WHAT IS NEEDED: Only the lines from the start of the data below through the line that contains "在宝藏猎人 斯文森处接领藏宝" are to be copied, exactly and without pictures.

TASK INPUTS:
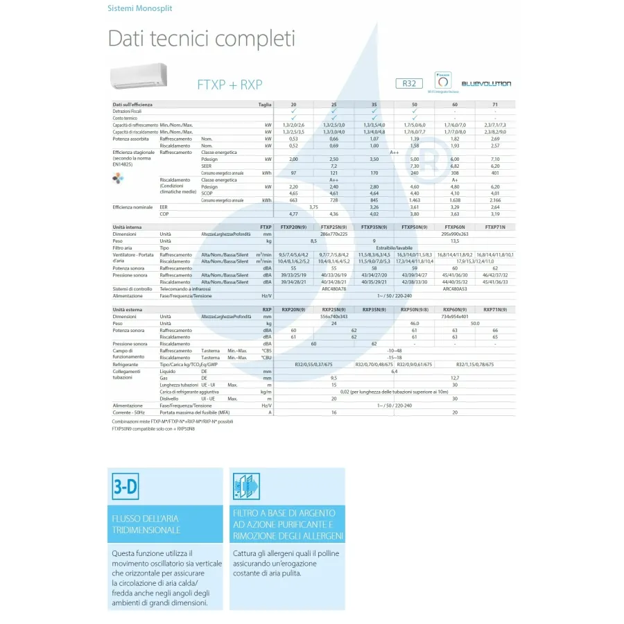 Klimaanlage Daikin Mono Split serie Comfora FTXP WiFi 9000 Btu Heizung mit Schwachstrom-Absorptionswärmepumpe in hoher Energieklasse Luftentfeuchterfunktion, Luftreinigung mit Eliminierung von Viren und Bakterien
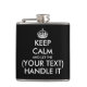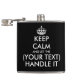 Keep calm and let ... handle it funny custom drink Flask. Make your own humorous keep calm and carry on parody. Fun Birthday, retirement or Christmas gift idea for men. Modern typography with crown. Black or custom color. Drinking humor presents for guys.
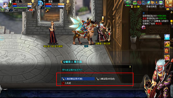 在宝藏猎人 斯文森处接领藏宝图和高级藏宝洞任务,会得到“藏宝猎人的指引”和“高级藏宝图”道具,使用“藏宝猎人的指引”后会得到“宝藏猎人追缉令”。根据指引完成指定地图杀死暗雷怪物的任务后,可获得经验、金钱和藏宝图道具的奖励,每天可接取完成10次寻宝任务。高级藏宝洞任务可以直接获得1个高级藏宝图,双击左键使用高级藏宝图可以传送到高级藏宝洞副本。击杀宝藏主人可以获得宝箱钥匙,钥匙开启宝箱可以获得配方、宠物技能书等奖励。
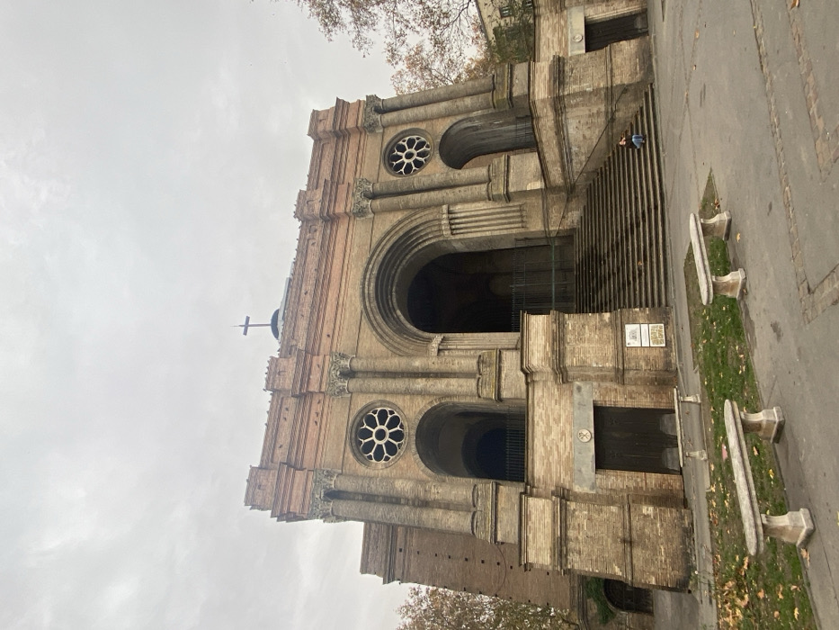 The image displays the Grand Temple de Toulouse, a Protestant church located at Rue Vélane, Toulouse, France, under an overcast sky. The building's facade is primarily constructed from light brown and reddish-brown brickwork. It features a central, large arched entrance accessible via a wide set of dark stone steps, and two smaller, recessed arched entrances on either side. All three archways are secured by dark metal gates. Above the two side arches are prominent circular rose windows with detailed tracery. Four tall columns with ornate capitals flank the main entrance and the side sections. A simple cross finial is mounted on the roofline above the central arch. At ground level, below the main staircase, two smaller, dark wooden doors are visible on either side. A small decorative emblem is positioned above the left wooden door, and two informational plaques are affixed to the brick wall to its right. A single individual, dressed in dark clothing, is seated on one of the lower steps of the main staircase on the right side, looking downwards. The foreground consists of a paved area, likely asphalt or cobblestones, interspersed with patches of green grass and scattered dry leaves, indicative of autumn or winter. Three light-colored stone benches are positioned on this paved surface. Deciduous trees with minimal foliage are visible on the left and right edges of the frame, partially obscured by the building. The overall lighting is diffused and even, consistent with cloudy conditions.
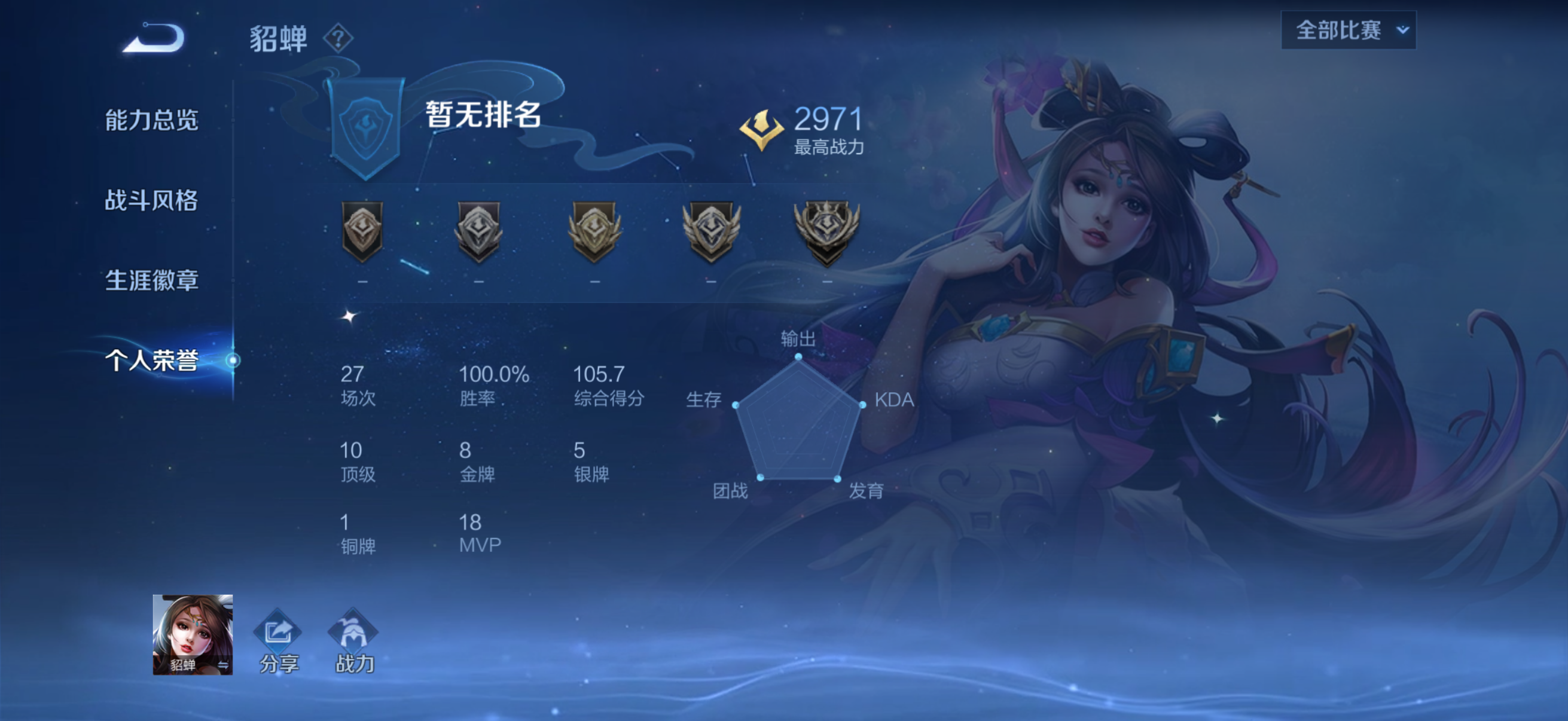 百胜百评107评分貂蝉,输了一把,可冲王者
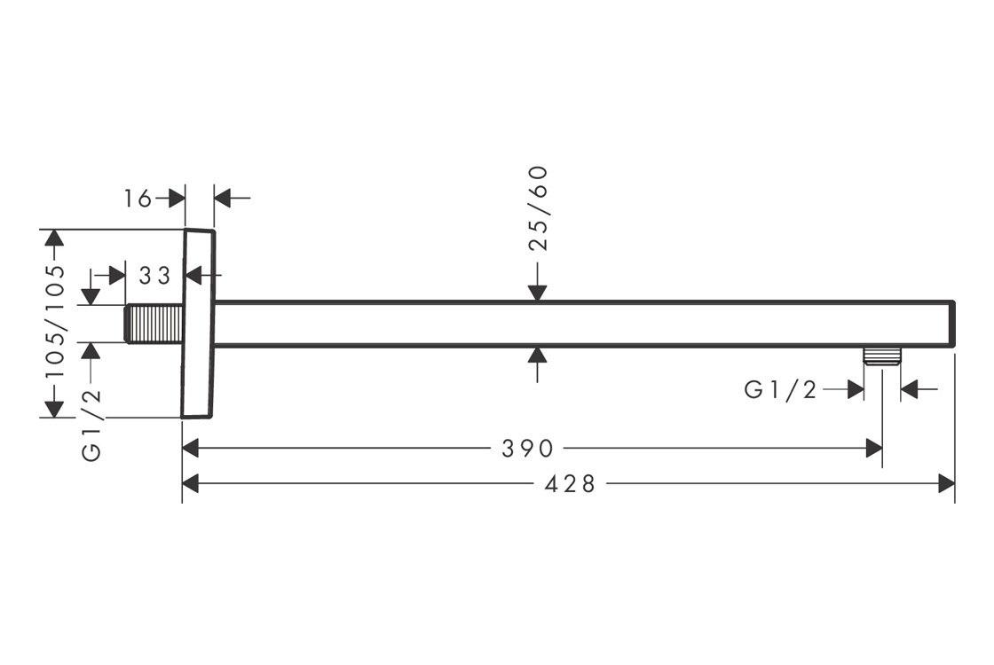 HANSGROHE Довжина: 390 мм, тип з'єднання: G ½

SOLUTION BELOW:
 Klimaanlage Daikin Mono Split serie Comfora FTXP WiFi 9000 Btu Heizung mit Schwachstrom-Absorptionswärmepumpe in hoher Energieklasse Luftentfeuchterfunktion, Luftreinigung mit Eliminierung von Viren und Bakterien
 Keep calm and let ... handle it funny custom drink Flask. Make your own humorous keep calm and carry on parody. Fun Birthday, retirement or Christmas gift idea for men. Modern typography with crown. Black or custom color. Drinking humor presents for guys.
 在宝藏猎人 斯文森处接领藏宝图和高级藏宝洞任务,会得到“藏宝猎人的指引”和“高级藏宝图”道具,使用“藏宝猎人的指引”后会得到“宝藏猎人追缉令”。根据指引完成指定地图杀死暗雷怪物的任务后,可获得经验、金钱和藏宝图道具的奖励,每天可接取完成10次寻宝任务。高级藏宝洞任务可以直接获得1个高级藏宝图,双击左键使用高级藏宝图可以传送到高级藏宝洞副本。击杀宝藏主人可以获得宝箱钥匙,钥匙开启宝箱可以获得配方、宠物技能书等奖励。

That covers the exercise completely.